Flink Window的5個使用小技巧

說明：今天看到小米技術雲公衆號上的一片文章，覺得很好很實用就轉載了一下

Window是Flink的核心功能之一，使用好Window對解決一些業務場景是非常有幫助的。

今天分享5個Flink Window的使用小技巧，不過在開始之前，我們先複習幾個核心概念。

Window有幾個核心組件：

Assigner，負責確定待處理元素所屬的Window；
Trigger，負責確定Window何時觸發計算；
Evictor，可以用來“清理”Window中的元素；
Function，負責處理窗口中的數據；

Window是有狀態的，這個狀態和元素的Key以及Window綁定，我們可以抽象的理解爲形式爲(Key, Window) -> WindowState的Map。

Window分爲兩類，Keyed和Non-Keyed Window，今天我們只討論Keyed Window。

OK，接下來進入正題。

技巧一：Mini-Batch輸出

看到這個標題大家可能會很疑惑，Flink的一大優勢是“純流式計算”，相比於Mini-Batch方式在實時性上有很大優勢，這裏的技巧卻是和Mini-Batch有關的，這不是“自斷手腳”嗎？

在解答這個疑問之前，我們先介紹一下問題背景。

大部分Flink作業在處理完數據後，都要把結果寫出到外部系統，比如Kafka。在寫外部系統的時候，我們有如下兩種方式：

每條消息都發送一次；這種方式延遲較低，但是吞吐也比較低；
“積攢”一部分消息，以Batch發送；這種方式延遲增大，但是吞吐提高；

在實際生產中，除非對延遲要求非常高，否則使用第一種方式會給外部存儲系統帶來很大的QPS壓力，所以一般建議採用第二種方式。

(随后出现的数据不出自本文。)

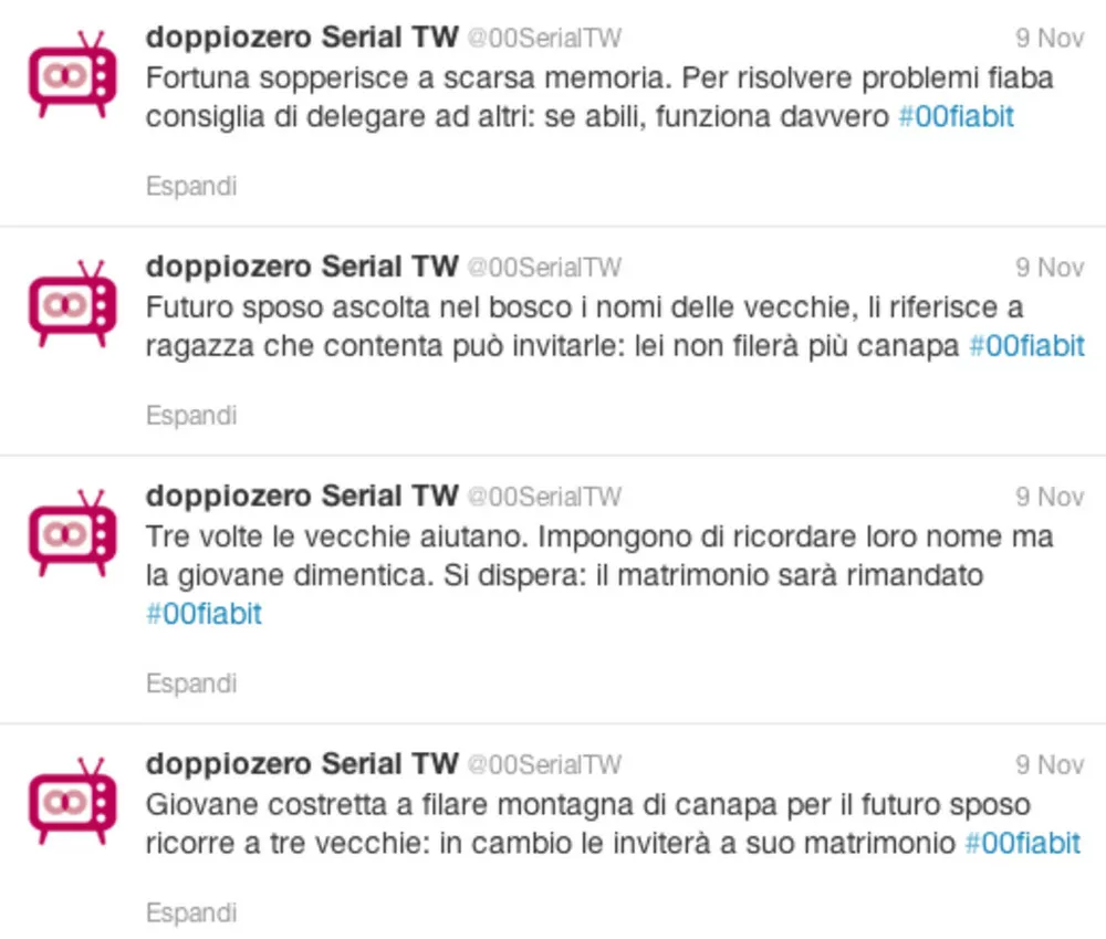 Allora tiriamo le somme. Quante di queste regole ho osservato? Prima di tutto, grazie a un consiglio del gruppo TW di Doppiozero, ho separato il riassunto (i tre tweet) dal commento (il quarto), che non è di tipo critico-saggistico bensì morale: la morale della storia con gli occhi di oggi (o quasi). Ma sono dei veri riassunti quelli che ho fatto nei tre tweet? Sì e no. Ho seguito la prima regola data da Calvino (“deve essere costituito da enunciazioni, pensieri e parole contenute nell’opera”), ma non sempre quella stilistica, poiché ho usato a volte sinonimi delle parole della fiaba per necessità di spazio (ho usato sinonimi brevi). Conclusione: è un riassunto per tre quarti, con un dubbio stilistico riguardo al rimanente quarto.

這裏多介紹一下，實際上很多存儲系統在設計SDK的時候，已經考慮了對Batch發送的支持，比如Kafka：

Batching is one of the big drivers of efficiency, and to enable batching the Kafka producer will attempt to accumulate data in memory and to send out larger batches in a single request.

對於這種SDK，用戶在使用的時候會更加省心，只需要對每條消息調用一下send接口即可，消息會緩存在隊列裏，由異步線程對消息進行Batch發送。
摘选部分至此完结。